But good health is just one piece of the retirement puzzle.
Retired psychologist and the author of Enjoying Retirement, Michael Longhurst, says a long-established work routine coming to an end often stirs emotions that can range from elation to terror.
“Was your retirement planned? Did you have time to get your finances in order or was it unplanned? Were you retrenched for some reason? If you were self-employed, was there a business failure or was it a health issue?” he says.
“The way the last day [of work] pans out is going to be affected by all these things.”
Mr Longhurst says that sometimes people “embark on what they feel is going to be a long holiday” when they retire and “that’s fine for a while”.
“[But] if they really loved their job and they loved what they were doing … instead of going through a honeymoon period, they may go through a feeling of divorce.”
So what are the practical steps you can take to get the retirement you want? And what can hold you back?
This article contains general information only. You should consider obtaining independent professional advice in relation to your particular circumstances.
Retirement looks different for everyone
The solution to a good retirement is building a sense of purpose in your life, Mr Longhurst says.
For retiree Marilyn Manning, that meant pursuing her love for adventure.
At 78, Marilyn Manning has only just started slowing down. (Supplied)
A midlife crisis in her 50s prompted her to pivot from her 30-year career in advertising to working as a tour leader in India, which she did for six months of the year.
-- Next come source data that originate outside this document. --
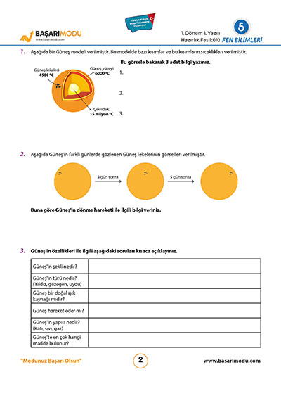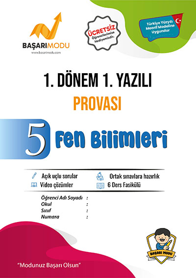Milli Eğitim Bakanlığının 2024/25 eğitim öğretim yılı Türkiye yüzyılı maarif modeline göre hazırlanmış yazılı sorularını indirebilirsiniz. Başarı modu olarak yazılı sınavlarına hazırlanmanız ve başarınızı yükseltmeniz için 5. Sınıf fen bilimleri soruları hazırladık. Fen bilimleri soruları açık uçlu sorular şeklinde sizlere yazılı sınavı deneyimi yaşatacaktır.
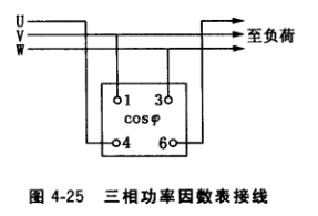 (2)原因分析。三相功率因數(shù)表的接線圖如圖4-25所示,其電流線圈接U相電流矢量為Iu電壓線圈接線電壓矢量為UVW,它們的矢量圖如圖4-26所示。的相位角差為π/2-φ,功率因數(shù)表流過表頭的電流設(shè)計成與cos(π/2-φ )成比例,并使φ=0,即 cos (π/2-φ )=cos π/2 = 0時作為機械零點,使之處于儀表的中間指示(即作cosφ=1.0指示)。因此,當負荷為感性φ= π/2 (滯后),cos (π/2-φ)=cos (π/2 —π/2) =1.0時,流過表頭的電流最大,指針向右(滯后區(qū))偏轉(zhuǎn),所示的功率因數(shù)為滯后時的最小值; 而當負荷為容性φ=90° (超前),cos(π/2+π/2) =cosπ=-1.0時,流過表頭的電流也最大,但方向相反,所以指針向左(超前區(qū))偏轉(zhuǎn),所示的功率因數(shù)為超前時的最小值。功率因數(shù)表能正確 測量電源的功率因數(shù),因此,產(chǎn)生功率因數(shù)表指示相 反的原因可能有:
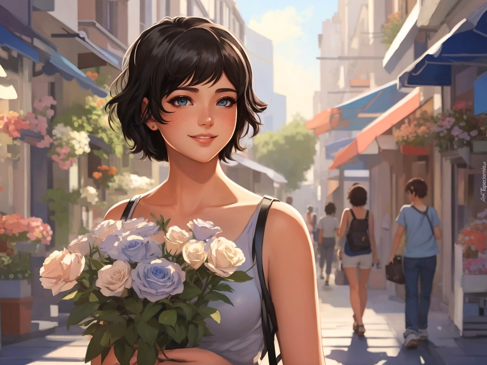 Edytor tapety: Dziewczyna z bukietem róż na ulicy w grafice
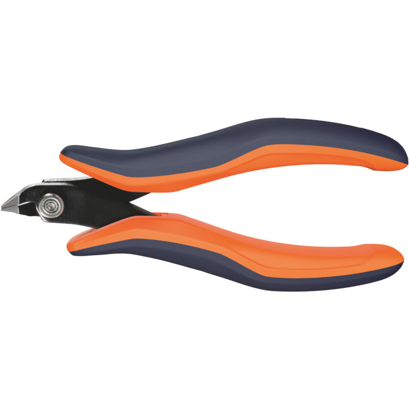 Pinza professionale con taglienti per taglio agevolato. Entrambe le parti della pinza sono assemblate in modo accurato grazie ai fori precisi e alle superfici rettificate per garantire un taglio preciso. Con molla di richiamo e impugnatura ergonomica per un utilizzo sicuro e agevole. Manici rivestiti in bimateriale conduttivo. Indicati per ESD. Materiale: In acciaio al carbonio (C70), lavorato a stampo e termotrattato con fosfatazione antiriflesso. Dati tecnici Sfaccettatura testimone molto fine Tipo di prodotto Pinza tagliente Attributo del nome del prodotto SFW Proprietà elettrostatiche EGB/ESD Superficie con fosfatazione antiriflesso Materiale Acciaio al carbonio (C70) Lunghezza della testina, mm 18 Capacità di taglio filo di rame fino a ⌀, mm 1,3 Larghezza della testa, mm 14
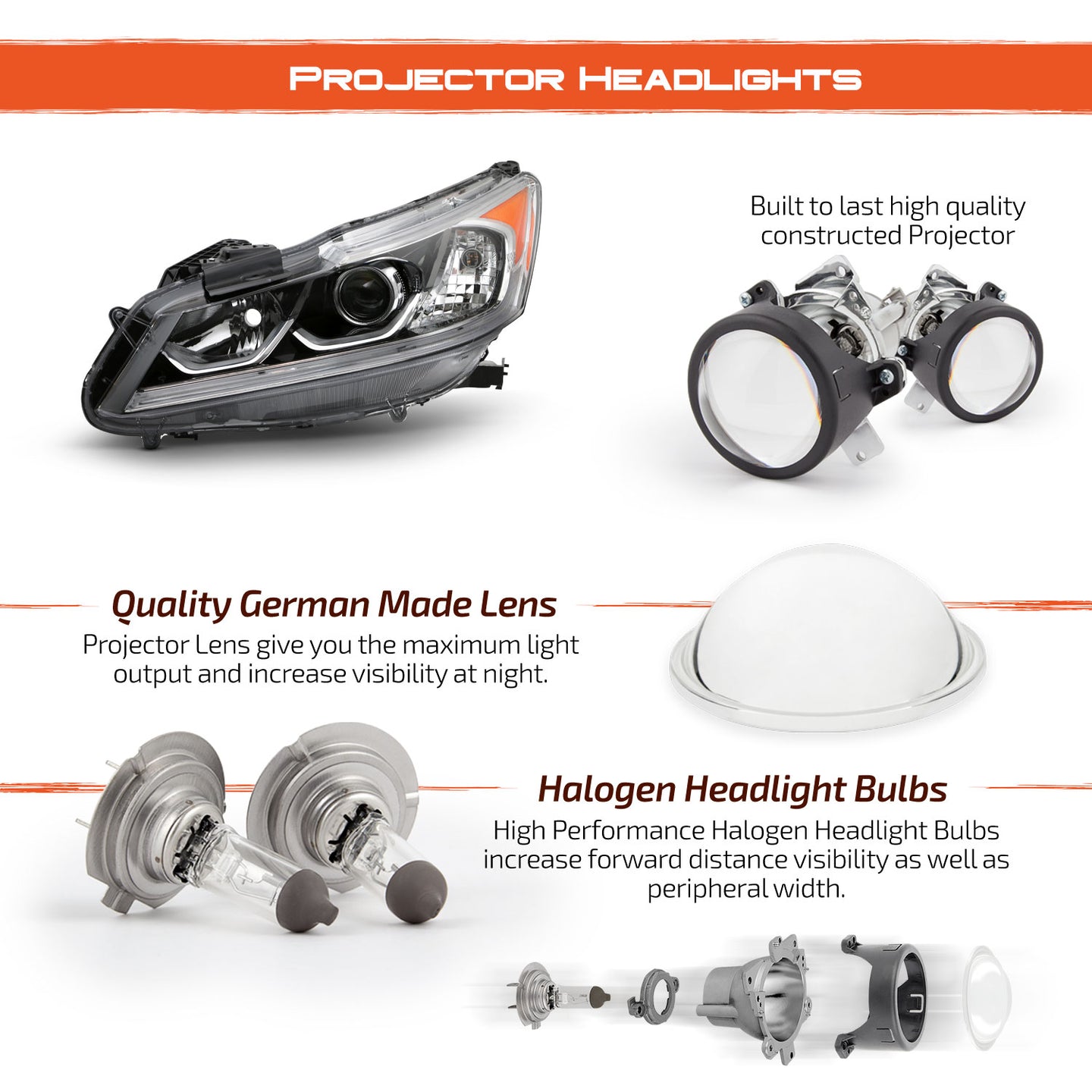 AKKON - Fits 2016-2017 Honda Accord EX EX-L SE Sport Halogen Type [LED DRL Models] Projector Chrome Headlight Driver Left Side
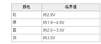 LED具有一般硅二極管的類似特性,在正負極之間施加電壓。當外加電壓達到一個臨界值,LED中產生電流,開始發光。當電壓超過這個臨界值時,電流急劇增加。白色LED的臨界電壓值約3.5V。紅色、綠色、藍色的LED臨界電壓值如表1所示。
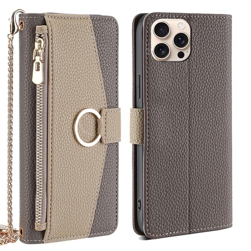 For iPhone 16 Pro Crossbody Litchi Texture Leather Phone Case(Grey)
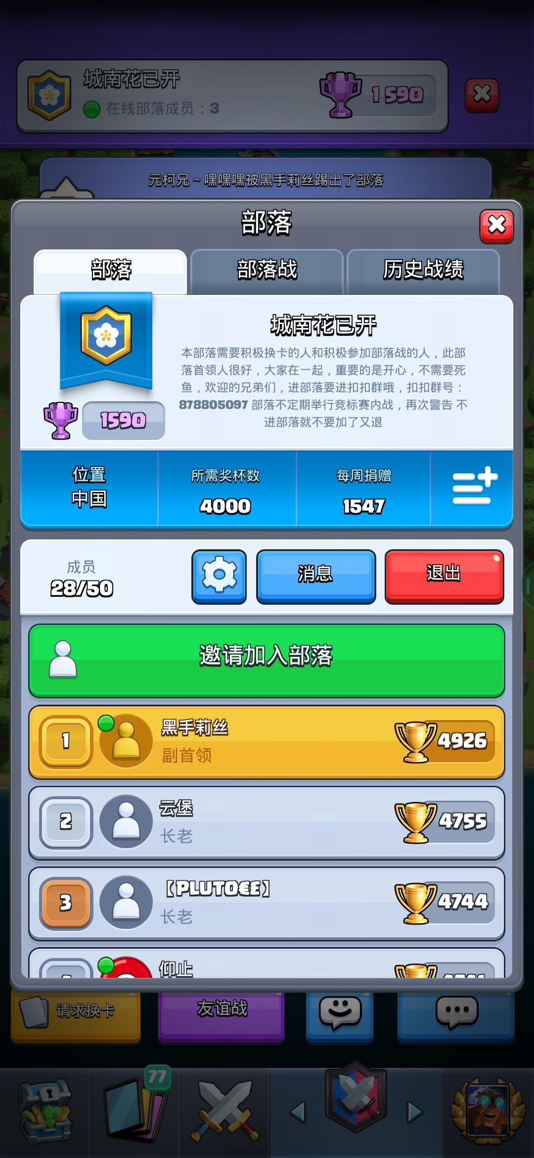 部落名:孤云这是一个强大和谐的部落!强大:周周第一!开打后正常48小时内到达终点!远远甩掉第二名无影无迹。周周人人奖励传奇卡!和谐:所有成员加微行群。探讨游戏。听从指挥。不肝不累。你要做的是:每天上线。每天第一时间打满4次部落战。每天大量捐卡。你能得到的是:周周稳定奖励传奇卡。瞬间收满卡。换卡积极。成功荣誉喜悦。部落名:孤云务必看公告先加群!!!
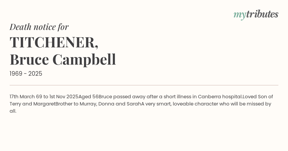 Bruce passed away after a short illness in Canberra hospital.
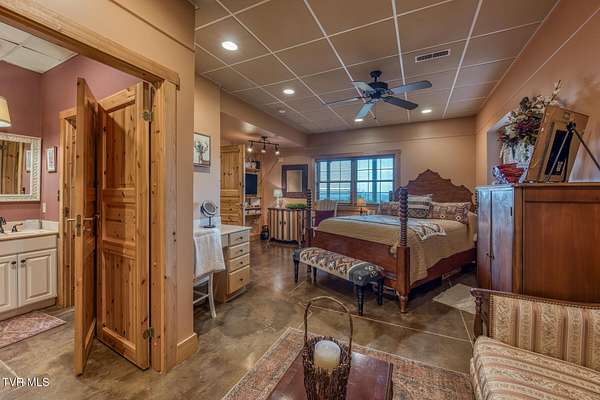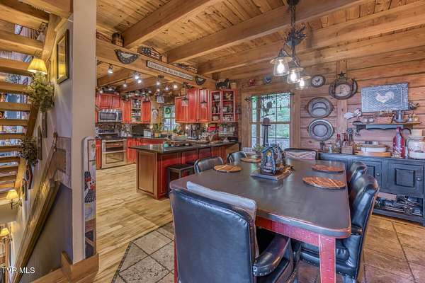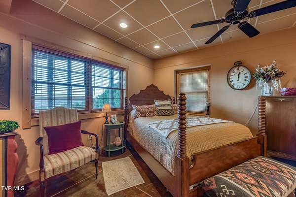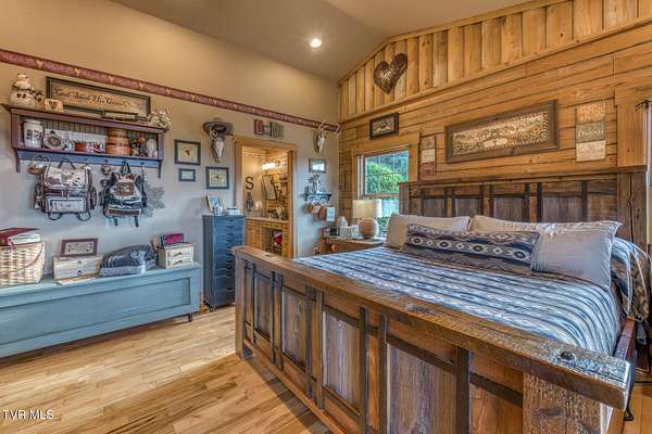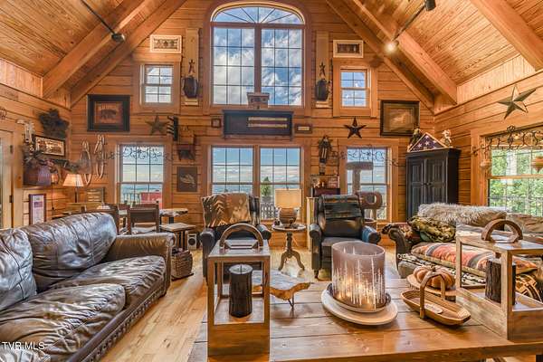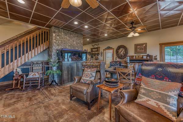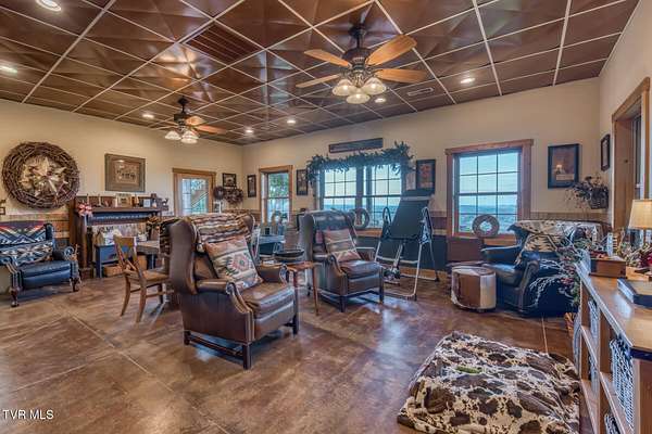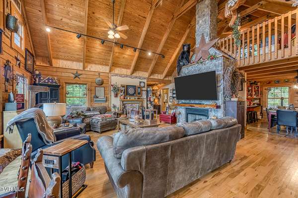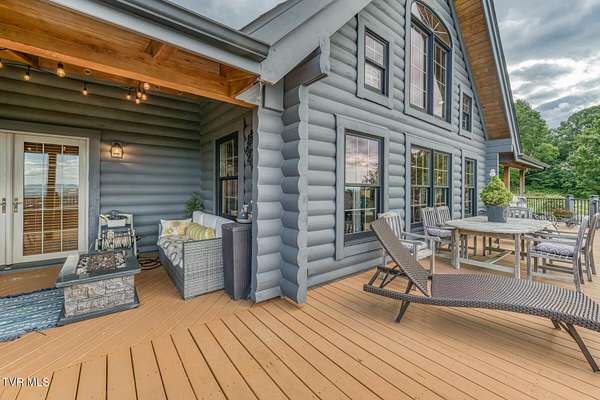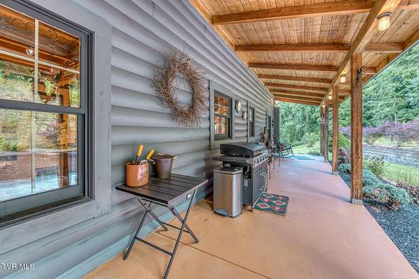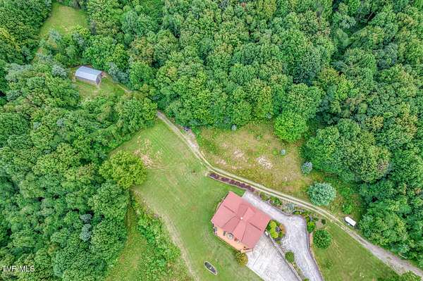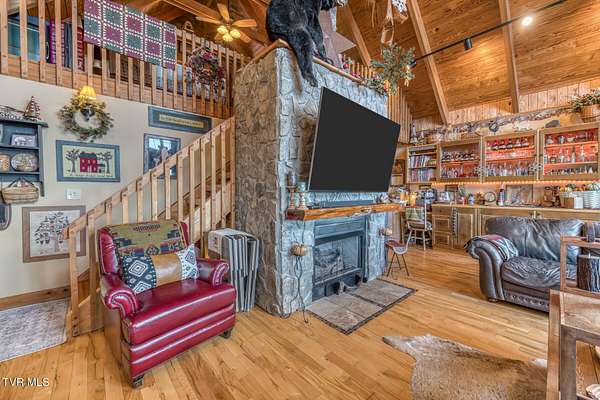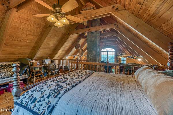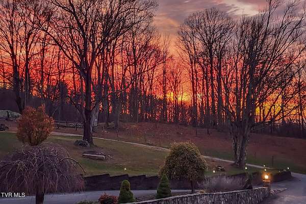 This one-owner, custom-built A-frame home constructed of pest-resistant cypress logs offers unmatched privacy, craftsmanship, and breathtaking panoramic mountain views. Featuring 4 Bedrooms, 3 full & 2 half Bathrooms, an optional 5th Bedroom, and over 4,200 finished square feet of living space throughout. This home was thoughtfully designed with efficiency and craftsmanship at its core - perfectly blending modern luxuries with self-sufficient living. The main level showcases soaring 26-foot windows at the front of the home that frame some of the most spectacular views in Southwest Virginia along with a dramatic stone fireplace as the focal point of the Living room. This home will make you feel like you're on vacation every day as you cozy up by the fireplace and take in the views with a beverage from the custom bar area that connects the Living and Dining rooms. The large Primary Suite includes french doors that open up to the deck and hot tub. The spacious ensuite has double sinks, a walk-in closet, jetted tub, and tile shower. Two additional Bedrooms and a second full Bathroom are located on the opposite wing of the home, allowing for additional privacy between the primary suite. A beautiful Kitchen with custom cabinetry, a Dining room, a mud/laundry room with direct access to the upper driveway and additional half Bath finish out the main level. Upstairs there is a large loft overlooking the Living Room with a full view of the mountains - this area could be used as an additional Bedroom, game room or even a cozy reading nook. The finished walk-out basement offers nearly 2,000 square feet with stained concrete floors, one additional Bedroom, a full Bath, half Bath, a large office, den, and storage space. A one-car garage and utility room complete the basement level. Enjoy outdoor living with a large wraparound deck, covered porch, hot tub, goldfish pond, and approximately 37 acres that border over 6,000 acres of Hidden Valley Wildlife Reserve. Explore ATV trails, hunt, or relax by nearby Hidden Valley Lake and The Channels. A large 48x24 building is located towards the bottom of the property and provides additional space for equipment, storage, workshop needs, or future projects. Another notable feature of the home is a traditional heat pump system that can be supplemented with a unique wood-burning hot water system that pumps heated water through the ductwork to heat the home and hot tub while saving money on electricity in the colder months. The home also utilizes spring-fed water that is UV sterilized and filtered into a 1,000-gallon underground tank then directly into the home - you can literally taste and see the difference in how clean and crystal clear this water is - you'll never want to go back to traditional water sources! Located only 20 minutes from Abingdon, this rare property offers the perfect blend of craftsmanship, seclusion, and mountain living. Furnishings and decor may remain with the home along with the 150 gallon fish tank and chicken coop. No drive-by's. Shown by appointment only.
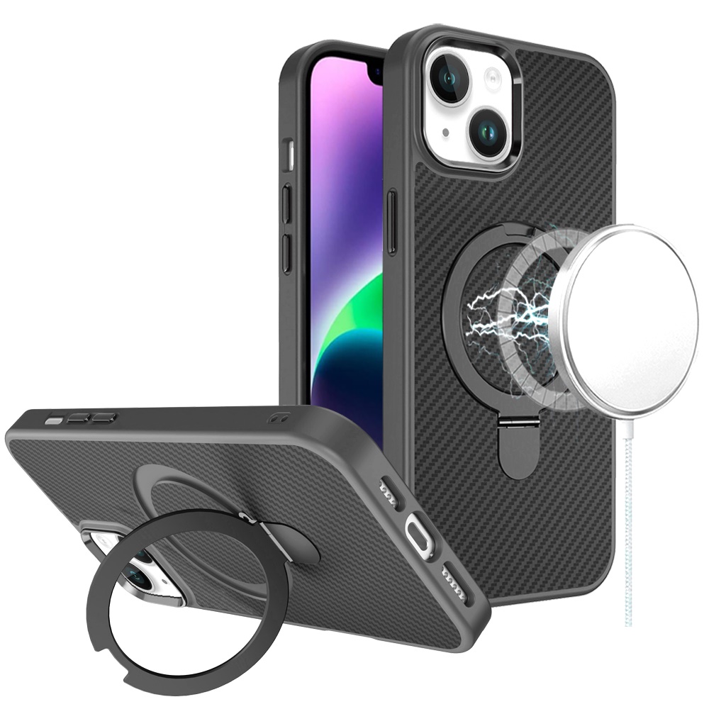 For iPhone 13/14 Carbon Design [Magnetic Circle] with Ring Stand Hybrid Cas
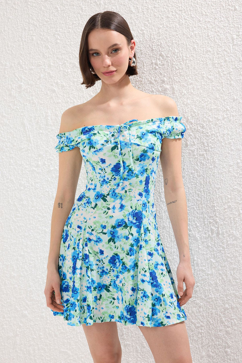 Mavi Carmen Yaka Skater/Belden Ac?lan Fitilli Esnek Mini Orme Elbise TWOSS25EL00472
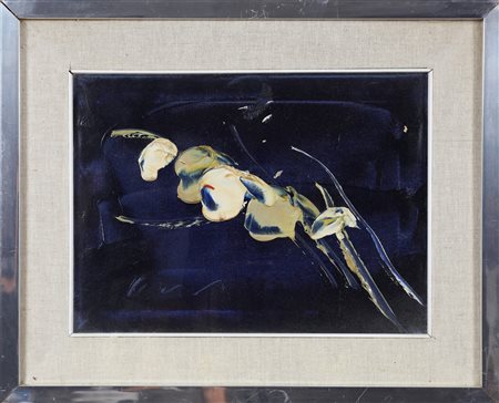 ORTEGA (ALFREDO MERLINI) Senza titolo. Olio su tela. Cm 40,00 x 30,00. Firma in basso a sinistra e al retro. La tela presenta un piccola mancanza di colore in alto a sinistra. Cornice presente
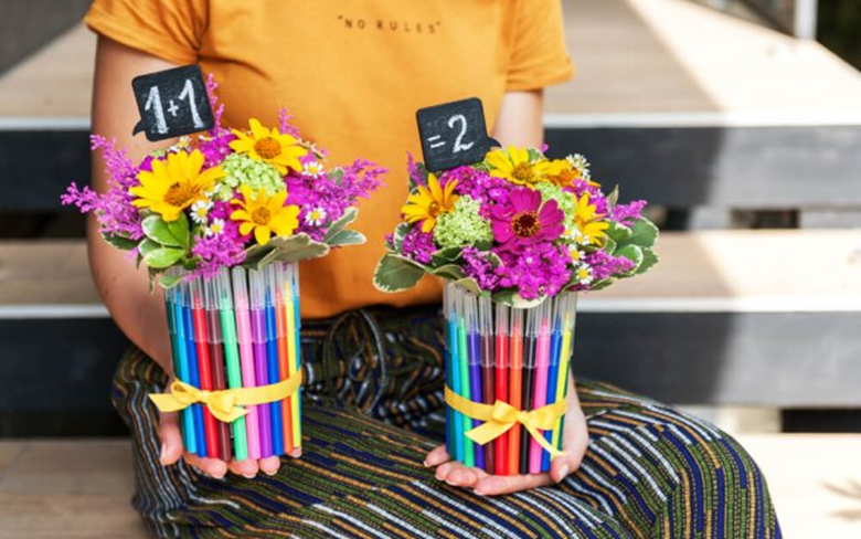 - Соберите в букет яркие ручки, карандаши, маркеры, ластики, линейки, скрепки. Можно добавить небольшие блокноты или стикеры. Это оригинально и действительно практично.
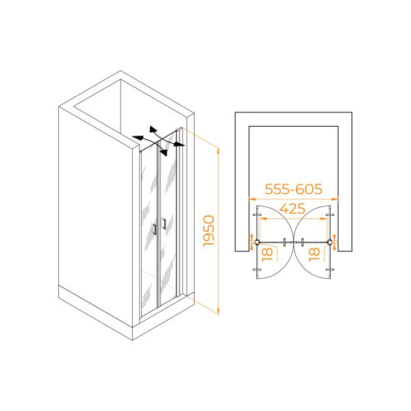 Душевая дверь распашная двустворчатая маятниковая. Маятниковые петли с функцией подъема двери. В комплекте нижняя пороговая планка. Трап или поддон приобретается отдельно.

She supplemented her income with agency cleaning and telemarketing when she was back home.
Now 78, she’s finally stepping back after 20 years leading small group tours of India with mainly middle-aged women and retirees.
“I’m a bit of a goer, and I just saw people getting old long before they should have,” she says.
“I’ve had some amazing adventures and got up to a few larks over the years, and I’m not ready to stop doing that.
“I just want to keep the Alzheimer’s away and I want to live to 100 minimum.”
When Norm Walker stopped work at 64, he promptly set sail, travelling Australia’s coastline on his catamaran.
The idea came to him in his late 30s while building a boat for family holidays.
“I loved it and thought, ‘This is the way I’m going to retire … this is the way I’m going to finish my life.’ And here I am.”
Norm worked for himself and had no superannuation, but he did own his own house.
Norm Walker posts his adventures sailing around Australia on his YouTube page called Motor Sailing for Old Dudes. (Supplied)
“When we sold the property … I put it straight into super, so I’ve ended up with really good super, which was a bit lucky,” he says.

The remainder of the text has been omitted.